As for what, exactly, to use, Dr. Nelson suggests soap, petroleum jelly, or hand cream. "Usually, with enough wiggling back and forth, people can get it off," he says.
Ice your finger
Ice can be really helpful in this situation, Dr. Adkins says. "It helps constrict the blood vessels that go toward the finger, and you'll get decreased blood flow—that can help shrink the finger," he says. "Everything gets a little more shrunken in the cold."
Try twisting it
This is a little more indepth than it sounds. Dr. Adkins recommends slowly twisting the ring, while trying to pull some of your skin from above the ring to below it. "It can be challenging because you're trying to do this with one hand," he says. If you can recruit a friend or partner for help, have at it.
Use some dental floss
This is a little complicated, but Dr. Nelson says it "works pretty well." To try the hack, slip a piece of fine string or dental floss under your ring. Tightly wrap the string around your finger, up past the knuckle.
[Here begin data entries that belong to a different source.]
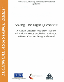 This Checklist and Technical Assistance Brief outlines the array of questions that may be asked in a courtroom with respect to the educational needs of children and youth in foster care. The Checklist is not proprietary—instead, it can and should be adapted to state laws and local practice so that it is most relevant to different jurisdictions and day-to-day practices.
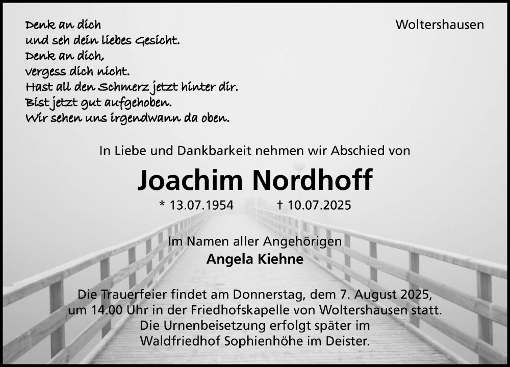 Hier finden Sie alle Traueranzeigen aus der Zeitung, die bisher für Joachim Nordhoff erschienen sind. Weitere Traueranzeigen, die in der Zeitung erscheinen, werden hier ebenfalls aufgelistet
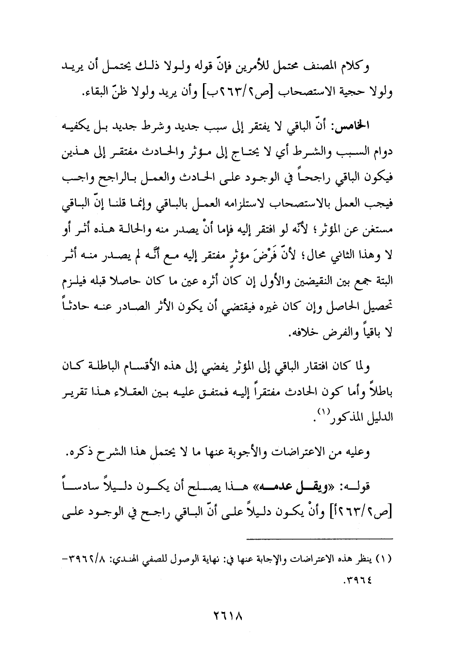 الخامس: أنّ الباقي لا يفتقر إلى سبب جديد وشرط جديد بل يكفيه دوام السبب والشرط أي لا يحتاج إلى مؤثر والحادث مفتقر إلى هذين فيكون الباقي راجحًا في الوجود على الحادث والعمل بالراجح واجب فيجب العمل بالاستصحاب لاستلزامه العمل بالباقي وإنما قلنا إنّ الباقي مستغن عن المؤثر؛ لأنّه لو افتقر إليه فإما أنْ يصدر منه والحالة هذه أثر أو لا وهذا الثاني محال؛ لأنّ فَرْضَ مؤثرٍ مفتقر إليه مع أنَّه لم يصدر منه أثر البتة جمع بين النقيضين والأول إن كان أثره عين ما كان حاصلا قبله فيلزم تحصيل الحاصل وإن كان غيره فيقتضي أن يكون الأثر الصادر عنه حادثًا لا باقيًا والفرض خلافه.
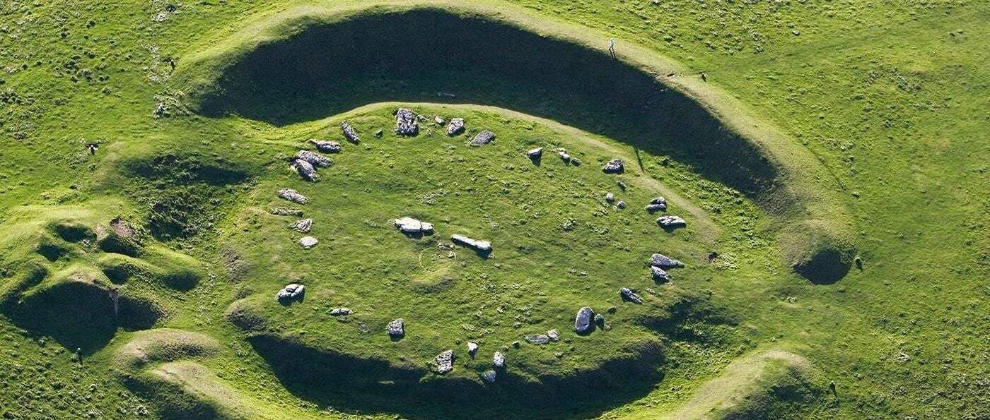 Arbor Low and Gib Hill form one of the most impressive complexes of prehistoric monuments in the Peak District monument that was started in the Neolithic period, probably between 3,000 and 2,500 BC, consisting of 42 stones in a 40-meter diameter circle. There have been no excavations on either site for more than 100 years, and the understanding of their date, function and sequence of building is far from complete. The barrow over the henge ditch and the round barrow at Gib Hill are undoubtedly later features, as may be the stone circle and cove within the henge monument.
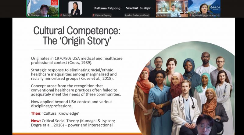 สถาบันวิจัยภาษาและวัฒนธรรมเอเชีย (RILCA) ร่วมกับ คณะพยาบาลศาสตร์ มหาวิทยาลัยมหิดล จัดกิจกรรม 2nd RILCA-NS Talk” ในหัวข้อ “Cultural Competence for Future Healthcare Professionals in a Globalised World: Towards Transformative Practice” โดยมี ผู้ช่วยศาสตราจารย์ ดร.ณรงเดช พันธะพุมมี รองผู้อำนวยการฝ่ายวิจัยและวิเทศสัมพันธ์ กล่าวต้อนรับผู้เข้าร่วมงาน พร้อมแนะนำ Prof. Dr. Shuangyu Li ผู้เชี่ยวชาญด้าน Cultural Competency, Clinical Communication และ Language and Cultural Communication จาก King’s College London สหราชอาณาจักร ซึ่งให้เกียรติมาเป็นวิทยากรบรรยายพิเศษ ถ่ายทอดองค์ความรู้และประสบการณ์ตรงจากต่างประเทศ เพื่อเปิดมุมมองใหม่ในการบูรณาการความเข้าใจทางภาษาและวัฒนธรรมกับการปฏิบัติวิชาชีพด้านสุขภาพ ในวันที่ 15 ตุลาคม 2568 ผ่านออนไลน์ระบบ Zoom
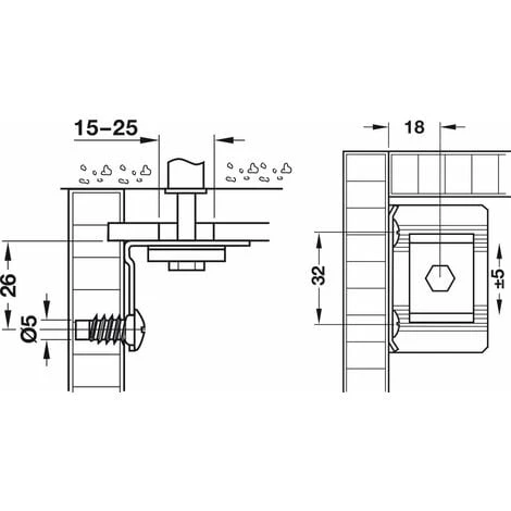 Equerre d’assemblage pour élément haut ; Matière = Acier ; Avec cache en plastique marron ; Capacité de charge = 150kg ; Dimensions (avec cache) = 56 x 35mm ; Réglage confortable des vis grâce à l’inclinaison possible du tournevis ± 15° ; Possibilité de réglage = Latéral 8mm et Hauteur 8mm ; A visser (vis et cheville incluses)
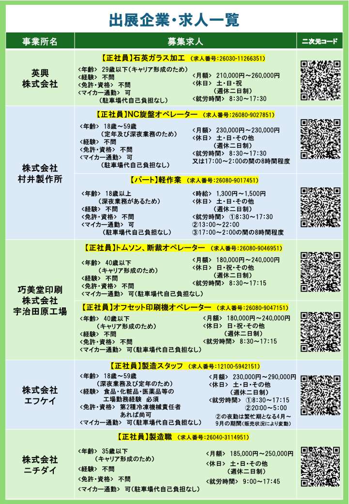 10月22日(水)ハローワーク宇治×宇治田原町「合同企業説明会」開催のお知らせ
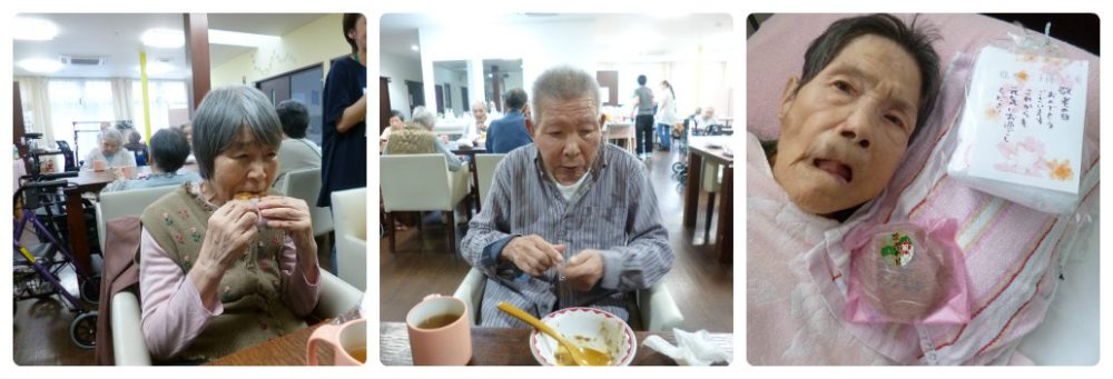 2019.10.02 ハートリンク岩国柱野 敬老の日 9月15日にお祝いをしました。 おやつにどら焼きをみんなで食べました。 スタッフ一同より、ささやかなプレゼントもあったのですが、 皆さん、どら焼きに夢中になっておられました(*´▽`*) おやつ後、プレゼントを開けて喜んでおられました(*´▽`*) 敬老の日、おめでとうございます(^▽^) これからも、一緒に元気に楽しく過ごしていきましょう♪ 一覧ページに戻る

Then, unwrap the string from the bottom part that's under the ring. The ring should move up and over the string as you unwrap. "Be careful not to leave it on too long," Dr. Adkins says. "Otherwise, you can cut off blood supply to the rest of your finger."
If you've tried all that and the ring still isn't budging, Dr. Boling says you can either go to your local fire station or emergency room. "A lot of times they'll have an instrument that can cut the ring off," she says. Just call ahead to be sure they're equipped to handle your situation, so you don't waste a trip, Dr. Adkins says.
If your ring is sentimental, all is not lost. "In most cases, we can save the ring," Dr. Nelson says. "Then, a jeweler can fix it for you."